Is {a^i b^j c^k | i≤j or (k=j≤i)} context sensitive?

Question

$$L = \{a^i b^j c^k \mid i \le j \text{ or } (j \le i \text{ and } j = k)\}$$

I think the given language is CSL as i can break this language like this

$$L = \{a^i b^j c^k \mid i \le j \text{ and } j = k\} \cup \{a^i b^j c^k \mid j \le i \text{ and } j = k\} \cup \{a^i b^j c^k \mid i \le j \text{ and } j \le i \text{ and } j = k\}$$

Last language i,j are independent, hence DCFL.

When we take union of these languages, we get CSL.

Is my approach right?

Answer 1

There are two possible interpretations of the condition on $i,j,k$:

1. $(i \leq j \lor j \leq i) \land j = k$. This condition is equivalent to just $j = k$, and so the language in question is $\{ a^i b^j c^j : i,j \geq 0 \}$, which is a prototypical context-free language.
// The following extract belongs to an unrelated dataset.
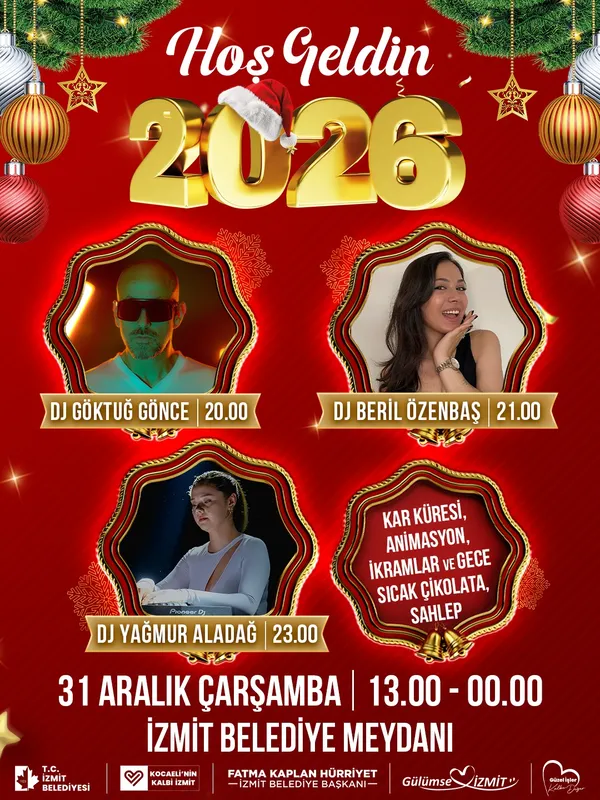 Yılbaşı gecesi 20.00'de DJ Göktuğ Gönce, 21.00'da DJ Beril Özenbaş, 23.00'da ise DJ Yağmur Aladağ sahne alacak. Müzik, eğlence ve birlik duygusunun ön planda olacağı İzmit Belediyesi yılbaşı programı, 2026'ya neşeyle girmek isteyen herkes için kaçırılmayacak bir buluşma olacak.

2. $i \leq j \lor (j \leq i \land j = k)$. A linear-bounded automaton can decide this language (exercise), so it is context-sensitive. On the other hand, using the pumping lemma you can show that it is not context-free (exercise).

I would guess that the second interpretation is the one that was intended.

Answer 2

It is CFL. Number of a & b are irrelevant. What matters is number of b should be equal to number of c which can be achieved by PDA.